[Records from a data collection]
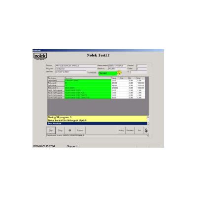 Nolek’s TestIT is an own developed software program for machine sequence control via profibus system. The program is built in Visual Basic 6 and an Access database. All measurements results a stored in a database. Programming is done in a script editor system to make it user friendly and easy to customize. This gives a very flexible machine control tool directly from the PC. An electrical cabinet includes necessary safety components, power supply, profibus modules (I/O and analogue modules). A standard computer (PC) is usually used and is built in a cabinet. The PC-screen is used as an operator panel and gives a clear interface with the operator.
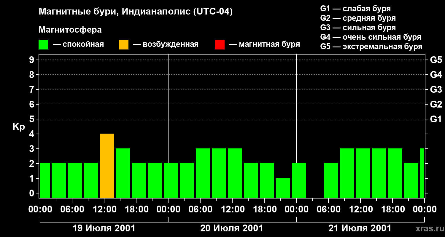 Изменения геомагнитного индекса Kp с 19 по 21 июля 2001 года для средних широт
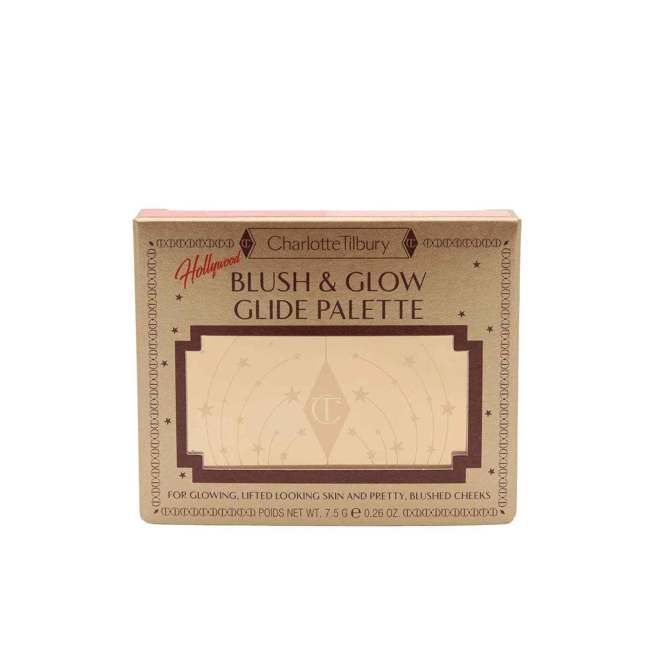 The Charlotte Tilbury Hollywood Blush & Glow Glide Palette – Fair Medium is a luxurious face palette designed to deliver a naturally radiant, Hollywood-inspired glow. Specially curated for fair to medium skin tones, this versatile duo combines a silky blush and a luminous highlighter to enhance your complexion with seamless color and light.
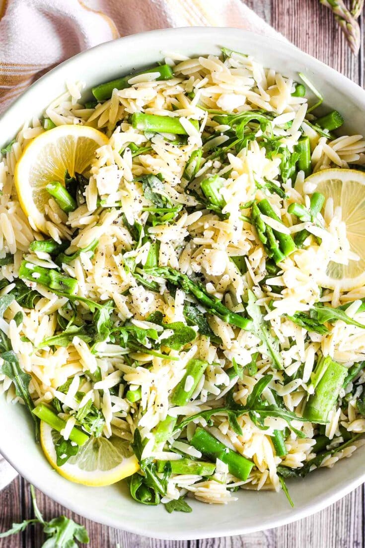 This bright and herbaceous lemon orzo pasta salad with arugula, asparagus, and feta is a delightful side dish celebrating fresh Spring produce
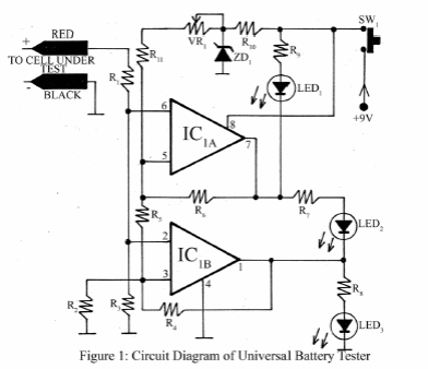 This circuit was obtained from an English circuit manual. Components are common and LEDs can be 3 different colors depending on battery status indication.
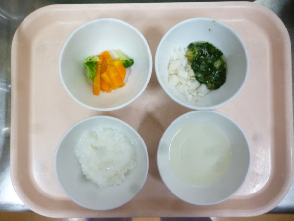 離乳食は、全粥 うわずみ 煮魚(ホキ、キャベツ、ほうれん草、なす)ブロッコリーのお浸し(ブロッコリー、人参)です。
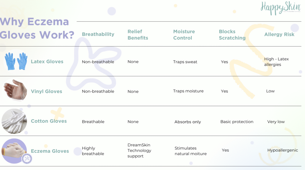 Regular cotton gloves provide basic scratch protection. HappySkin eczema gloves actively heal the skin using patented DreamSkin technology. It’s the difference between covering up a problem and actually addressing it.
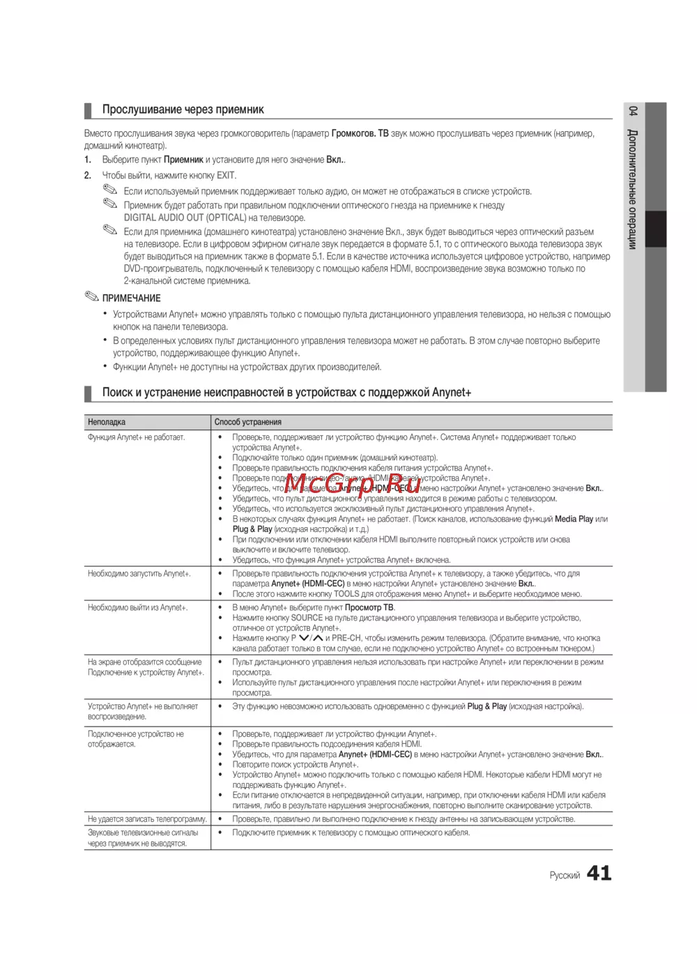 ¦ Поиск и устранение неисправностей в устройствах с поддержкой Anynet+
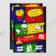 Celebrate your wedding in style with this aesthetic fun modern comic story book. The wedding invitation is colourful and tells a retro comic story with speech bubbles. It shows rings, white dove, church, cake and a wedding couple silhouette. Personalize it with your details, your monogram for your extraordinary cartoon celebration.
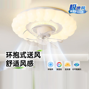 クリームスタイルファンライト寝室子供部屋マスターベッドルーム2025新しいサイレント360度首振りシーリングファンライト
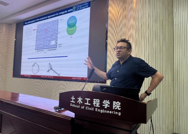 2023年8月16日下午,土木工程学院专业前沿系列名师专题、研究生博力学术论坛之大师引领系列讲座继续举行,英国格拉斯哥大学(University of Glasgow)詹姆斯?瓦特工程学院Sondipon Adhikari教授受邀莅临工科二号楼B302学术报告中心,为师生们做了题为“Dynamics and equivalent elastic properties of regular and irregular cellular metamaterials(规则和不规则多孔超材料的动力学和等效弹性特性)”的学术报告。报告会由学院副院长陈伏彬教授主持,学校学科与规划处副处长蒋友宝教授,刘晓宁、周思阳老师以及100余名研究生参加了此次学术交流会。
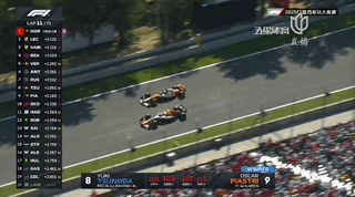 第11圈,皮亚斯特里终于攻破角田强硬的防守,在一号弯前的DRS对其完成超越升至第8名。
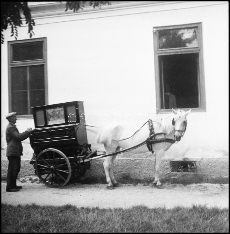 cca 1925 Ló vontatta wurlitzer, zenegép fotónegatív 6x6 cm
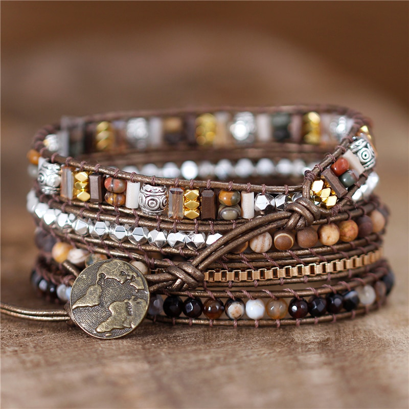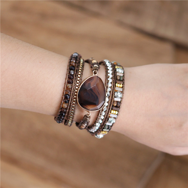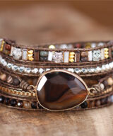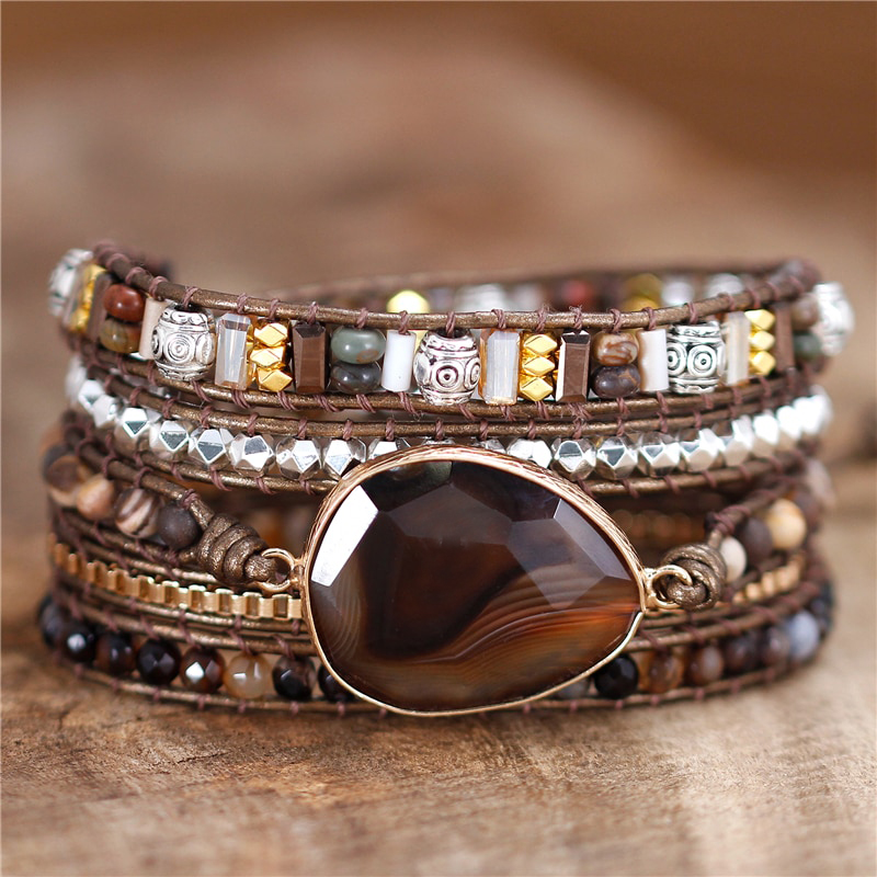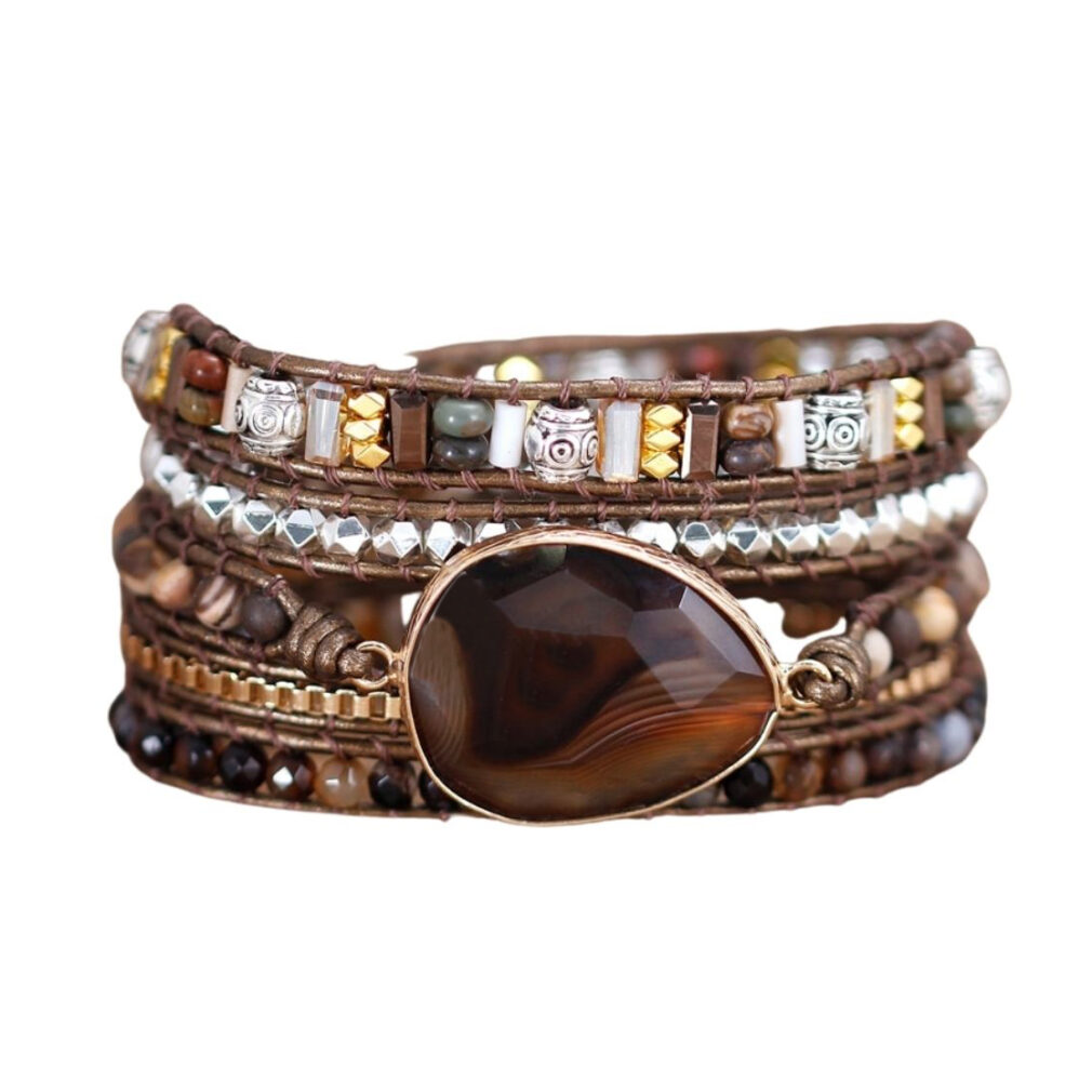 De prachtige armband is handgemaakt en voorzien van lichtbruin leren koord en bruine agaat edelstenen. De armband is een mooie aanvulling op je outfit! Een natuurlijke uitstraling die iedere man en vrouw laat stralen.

◆ **Try it**
Restate the data word for word from its first line through the line with "с поддержкой Anynet+", leaving out any picture along the way.

◆ **Expected answer**
 Nolek’s TestIT is an own developed software program for machine sequence control via profibus system. The program is built in Visual Basic 6 and an Access database. All measurements results a stored in a database. Programming is done in a script editor system to make it user friendly and easy to customize. This gives a very flexible machine control tool directly from the PC. An electrical cabinet includes necessary safety components, power supply, profibus modules (I/O and analogue modules). A standard computer (PC) is usually used and is built in a cabinet. The PC-screen is used as an operator panel and gives a clear interface with the operator.
 Изменения геомагнитного индекса Kp с 19 по 21 июля 2001 года для средних широт
 The Charlotte Tilbury Hollywood Blush & Glow Glide Palette – Fair Medium is a luxurious face palette designed to deliver a naturally radiant, Hollywood-inspired glow. Specially curated for fair to medium skin tones, this versatile duo combines a silky blush and a luminous highlighter to enhance your complexion with seamless color and light.
 This bright and herbaceous lemon orzo pasta salad with arugula, asparagus, and feta is a delightful side dish celebrating fresh Spring produce
 This circuit was obtained from an English circuit manual. Components are common and LEDs can be 3 different colors depending on battery status indication.
 離乳食は、全粥 うわずみ 煮魚(ホキ、キャベツ、ほうれん草、なす)ブロッコリーのお浸し(ブロッコリー、人参)です。
 Regular cotton gloves provide basic scratch protection. HappySkin eczema gloves actively heal the skin using patented DreamSkin technology. It’s the difference between covering up a problem and actually addressing it.
 ¦ Поиск и устранение неисправностей в устройствах с поддержкой Anynet+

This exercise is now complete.